• [Exercise directions]:
Within the lines below, the span from the line with "内蒙古小果沙棘 食品安全三认证国内食品安全认证 六大安全体系" to the line with "Place the PDU", both ends included, is to be reproduced exactly, with pictures omitted.

##### Records supplied

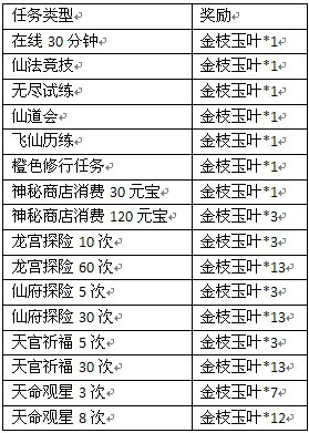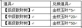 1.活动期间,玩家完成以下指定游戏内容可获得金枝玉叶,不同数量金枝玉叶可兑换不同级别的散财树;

##########
##### Records supplied

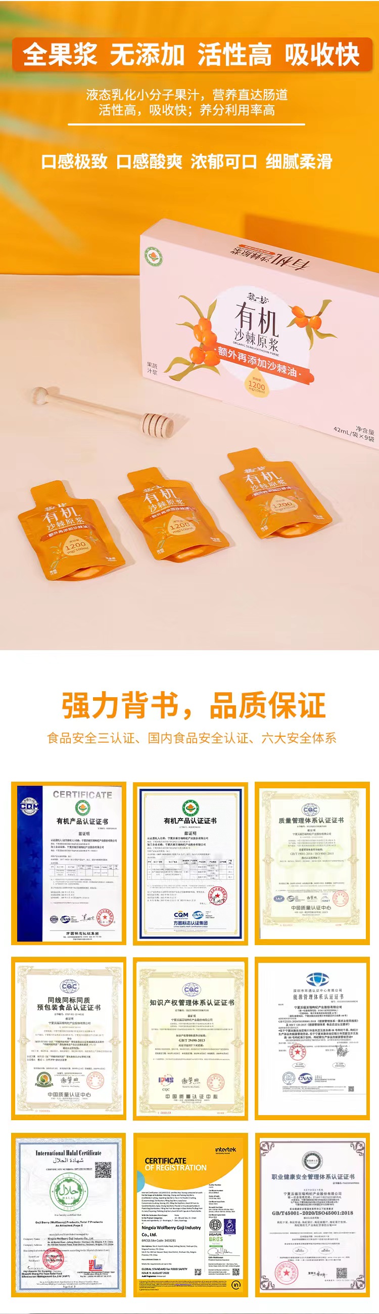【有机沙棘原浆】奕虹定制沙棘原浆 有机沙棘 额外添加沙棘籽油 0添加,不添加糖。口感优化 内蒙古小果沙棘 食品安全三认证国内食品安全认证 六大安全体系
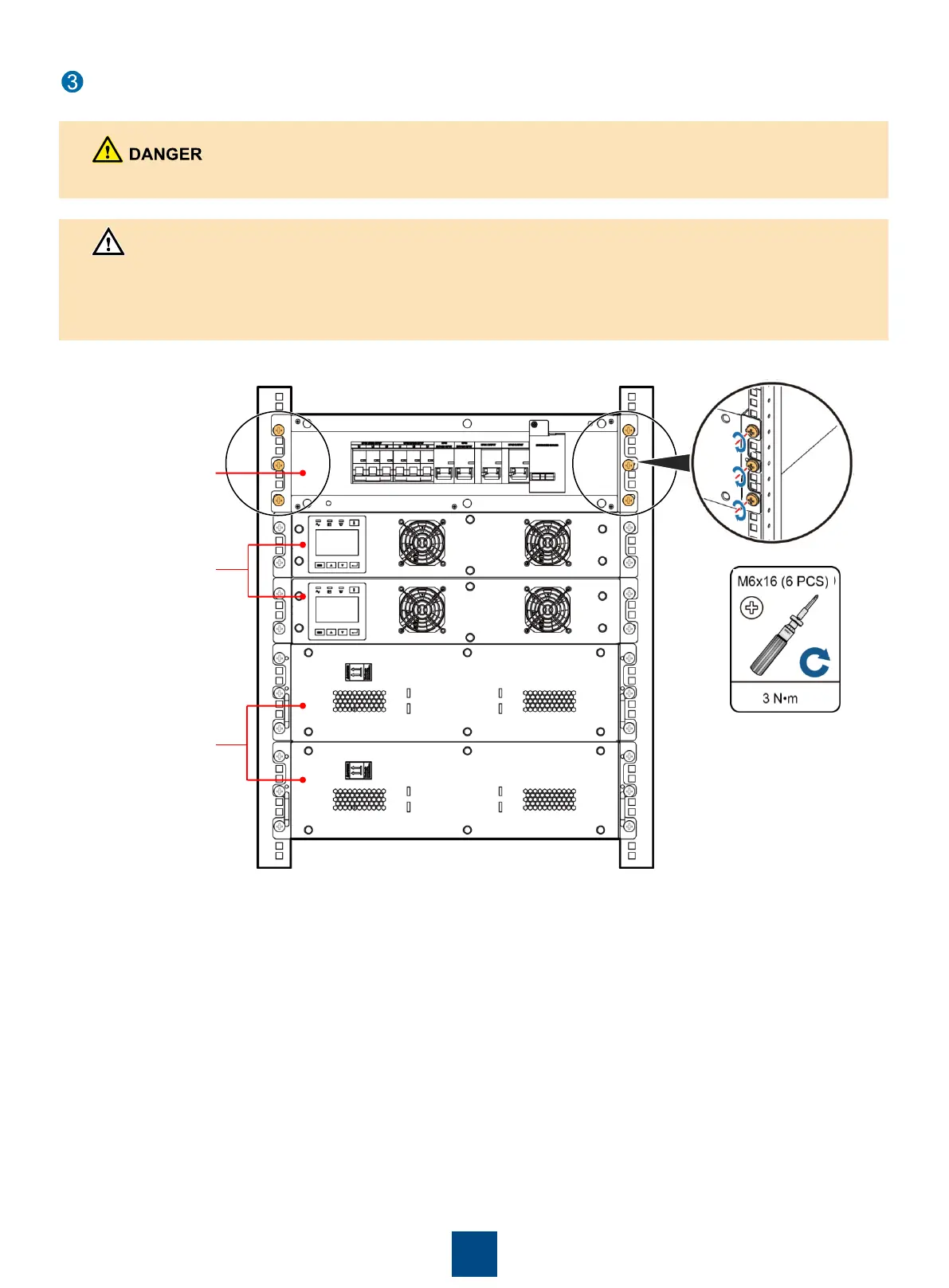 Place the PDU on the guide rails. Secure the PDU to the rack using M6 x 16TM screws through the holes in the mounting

##########

• [Task result]:
【有机沙棘原浆】奕虹定制沙棘原浆 有机沙棘 额外添加沙棘籽油 0添加,不添加糖。口感优化 内蒙古小果沙棘 食品安全三认证国内食品安全认证 六大安全体系
 Place the PDU on the guide rails. Secure the PDU to the rack using M6 x 16TM screws through the holes in the mounting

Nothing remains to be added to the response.